Quasi-Monte Carlo Strategies for Stochastic
Optimization
Shane Drew (Northwestern University) and Tito
Homem-de-Mello (Nortwestern University)
Abstract:
In this paper we discuss the issue of solving
stochastic optimization problems using sampling methods. Numerical results
have shown that using variance reduction techniques from statistics can result
in significant improvements over Monte Carlo sampling in terms of the number
of samples needed for convergence of the optimal objective value and optimal
solution to a stochastic optimization problem. Among these techniques are
stratified sampling and Quasi-Monte Carlo sampling. However, for problems in
high dimension, it may be computationally inefficient to calculate Quasi-Monte
Carlo point sets in the full dimension. Rather, we wish to identify which
dimensions are most important to the convergence and implement a Quasi-Monte
Carlo sampling scheme with padding, where the important dimensions are sampled
via Quasi-Monte Carlo sampling and the remaining dimensions with Monte Carlo
sampling. We then incorporate this sampling scheme into an external sampling
algorithm (ES-QMCP) to solve stochastic optimization problems.

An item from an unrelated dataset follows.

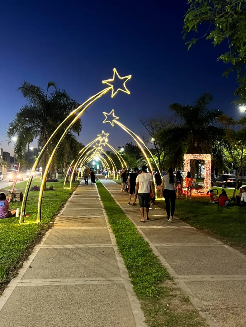 Los sáenzpeñenses pudieron apreciar el túnel formado por estrellas fugaces que recorre la avenida 33 desde la calle 10 hasta la 14. Además, en distintos tramos hay diferentes decorativos con luces navideñas que embellecen la ciudad.
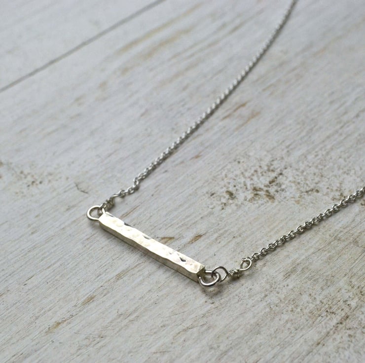 Part of my simplicty collection of mimimal clean designs. This bar necklace is two necklaces in one as it can be worn with the textured side to the front or the smooth side.

Jackknife Estimators for Reducing Bias in Asset
Allocation
Amit Partani and David P Morton (The University of Texas
at Austin) and Ivilina Popova (Seattle University)
Abstract:
We use jackknife-based estimators to reduce bias when
estimating the optimal value of a stochastic program. Our discussion focuses
on an asset allocation model with a power utility function. As we will
describe, estimating the optimal value of such a problem plays a key role in
establishing the quality of a candidate solution, and reducing bias improves
our ability to do so efficiently. We develop a jackknife estimator that is
adaptive in that it does not assume the order of the bias is known a priori.